Tether and the Mysteries of Fractional Reserve Banking
Tether and the gang over at Bitfinex are spooking the market again. The U.S. Commodity Futures Trading Commission (CFTC) issued subpoenas to both companies on December 6 (publicly announced February 3). It’s suspected the CFTC is investigating whether Tether (USDT) is truly genuinely backed 1 to 1 by U.S. Dollars (as it’s supposed to be).
Let’s review the purpose of Tether coins. After purchasing Bitcoin (or any other crypto for that matter), if an investor wants to sell and sit on the sidelines Tether is the most efficient way to do that as it theoretically should always be equal 1:1 with USD (fully backed), otherwise the investor is hit with the logistical burdens and additional transaction fees while trying to come back into their local currency.
The accusation is that there is less that 1 USD backing every 1 USDT, i.e. Bitfinex has been creating Tether out of thin air – problematic to say the least. This is fractional reserve banking for crypto, an increase in money supply, as long as all the Tether depositors don’t look to convert back to USD at once the gig keeps going. Or, more simplistically, it can be viewed as a Ponzi scheme.
The genuine worry here is that this faux supply of Tether has been propping up the Bitcoin as well as other crypto markets. There’s $2 billion USDT in circulation currently, the question is how much fake USDT was created in the past and funnelled into Bitcoin. Very difficult to answer with accuracy (forensic crypto accounting is the only way to truly know).
Specifically for Bitcoin our best guess is that it’s a problem in the factor of sub-$10 billion (6% of Bitcoin’s market cap). This is manageable for the market. We have deep reservations about the claim that USDT is responsible for 49% of BTC value increase in the last year. We believe much of it can be chalked up to classic market speculation.
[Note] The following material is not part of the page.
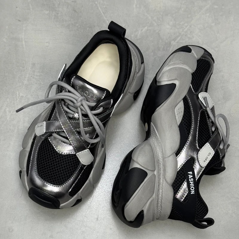 Step into modern retro luxury with the European/American Original Gun Color Retro Daddy Shoes for women by UNITYPUREMAX™. Designed for the confident woman who values both comfort and individuality, these sneakers blend breathable mesh with genuine cow leather in a multi-material spliced upper. The thick 6cm platform sole subtly enhances height while delivering exceptional comfort and support. With a vintage-inspired gunmetal color palette and sporty silhouette, these height-increasing shoes redefine casual elegance for spring and autumn wear.

HODL or Die – Flushing Out the Weak Trading Hands
For Bitcoin to survive this nuclear winter it must exhibit some uncorrelated attributes. If global equity markets are puking, Bitcoin should be rallying or at the very least holding steady. This is the ‘value’ bestowed on an uncorrelated store of value asset classes — the attribute that gives gold value. Bitcoin must, and frankly has to, aspire to this. Flushing out the day traders in Bitcoin is a must, HODLers must make up the majority of asset holders.